== Exercise data ==
● ● ● ● ●

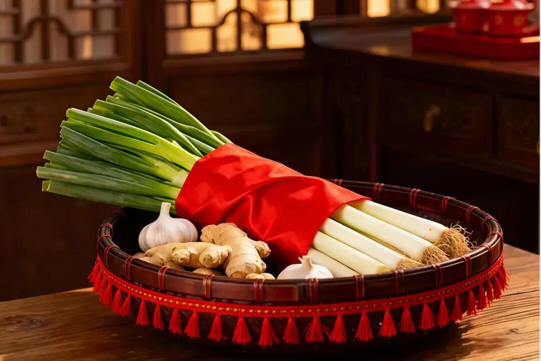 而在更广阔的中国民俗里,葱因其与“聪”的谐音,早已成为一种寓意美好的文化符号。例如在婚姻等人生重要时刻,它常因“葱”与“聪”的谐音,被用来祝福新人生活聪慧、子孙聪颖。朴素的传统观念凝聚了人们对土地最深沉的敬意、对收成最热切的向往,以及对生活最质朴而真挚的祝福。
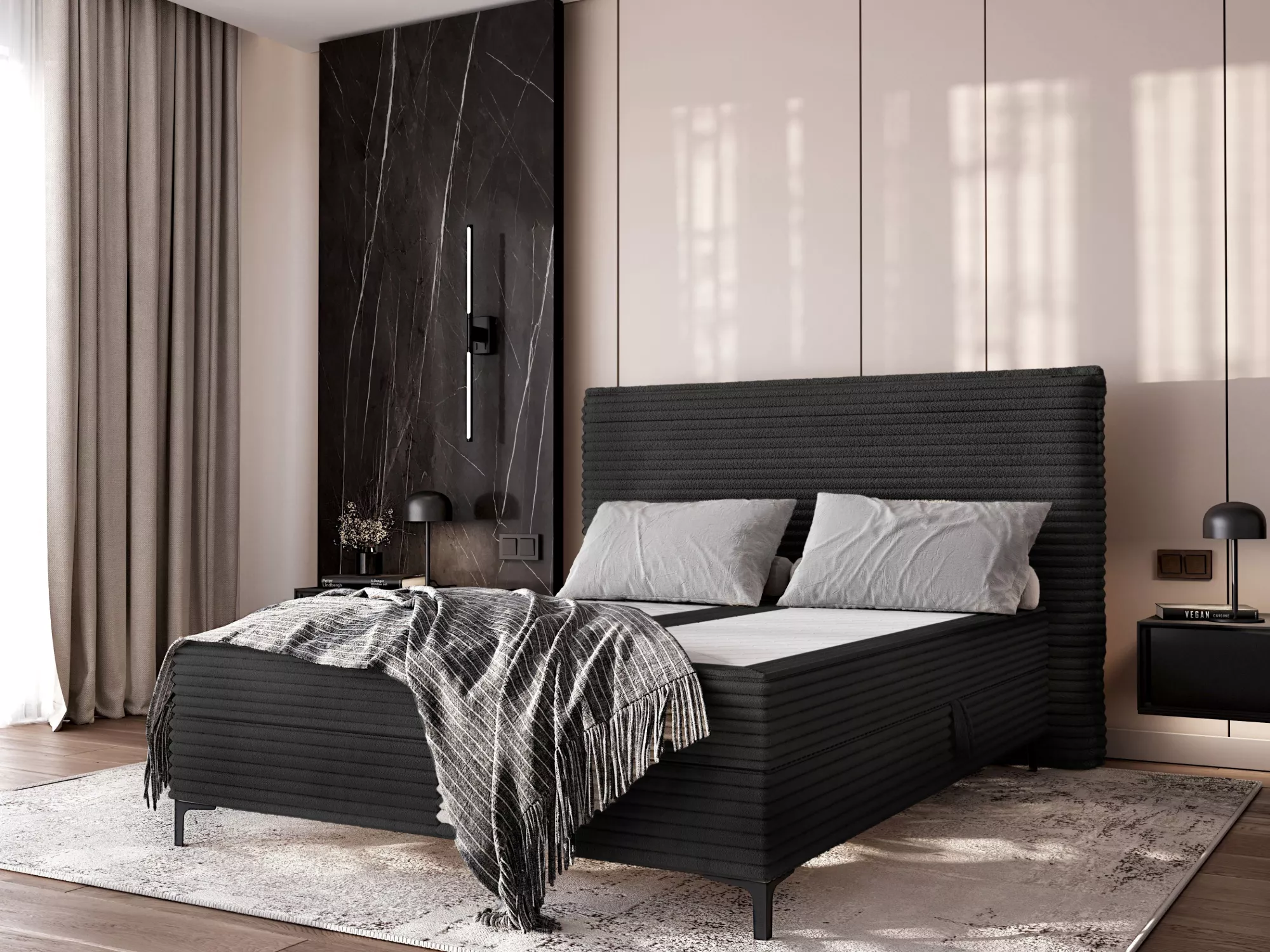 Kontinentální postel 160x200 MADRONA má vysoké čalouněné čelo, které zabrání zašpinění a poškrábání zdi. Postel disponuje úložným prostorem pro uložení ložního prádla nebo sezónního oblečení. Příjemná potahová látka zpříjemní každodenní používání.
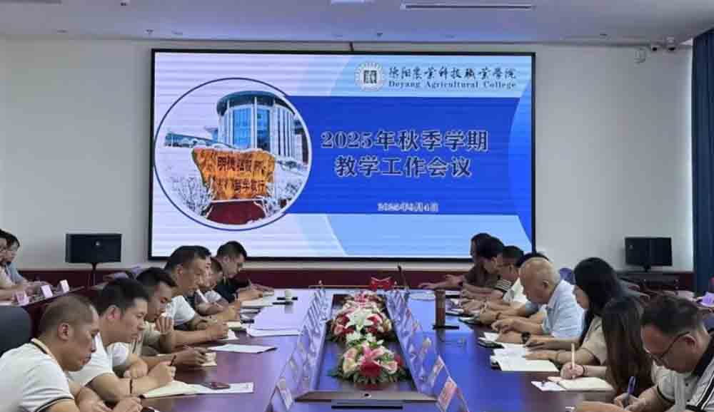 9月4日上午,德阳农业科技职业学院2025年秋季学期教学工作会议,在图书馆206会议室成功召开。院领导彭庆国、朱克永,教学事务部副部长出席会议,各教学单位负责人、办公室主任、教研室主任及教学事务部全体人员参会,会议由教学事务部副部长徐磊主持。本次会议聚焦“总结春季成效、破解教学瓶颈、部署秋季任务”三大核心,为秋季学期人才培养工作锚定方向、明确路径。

● ● ● ● ●

== Your assignment ==
Copy every line of the data word for word, omitting the images.

== Exercise output ==
 而在更广阔的中国民俗里,葱因其与“聪”的谐音,早已成为一种寓意美好的文化符号。例如在婚姻等人生重要时刻,它常因“葱”与“聪”的谐音,被用来祝福新人生活聪慧、子孙聪颖。朴素的传统观念凝聚了人们对土地最深沉的敬意、对收成最热切的向往,以及对生活最质朴而真挚的祝福。
 Kontinentální postel 160x200 MADRONA má vysoké čalouněné čelo, které zabrání zašpinění a poškrábání zdi. Postel disponuje úložným prostorem pro uložení ložního prádla nebo sezónního oblečení. Příjemná potahová látka zpříjemní každodenní používání.
 9月4日上午,德阳农业科技职业学院2025年秋季学期教学工作会议,在图书馆206会议室成功召开。院领导彭庆国、朱克永,教学事务部副部长出席会议,各教学单位负责人、办公室主任、教研室主任及教学事务部全体人员参会,会议由教学事务部副部长徐磊主持。本次会议聚焦“总结春季成效、破解教学瓶颈、部署秋季任务”三大核心,为秋季学期人才培养工作锚定方向、明确路径。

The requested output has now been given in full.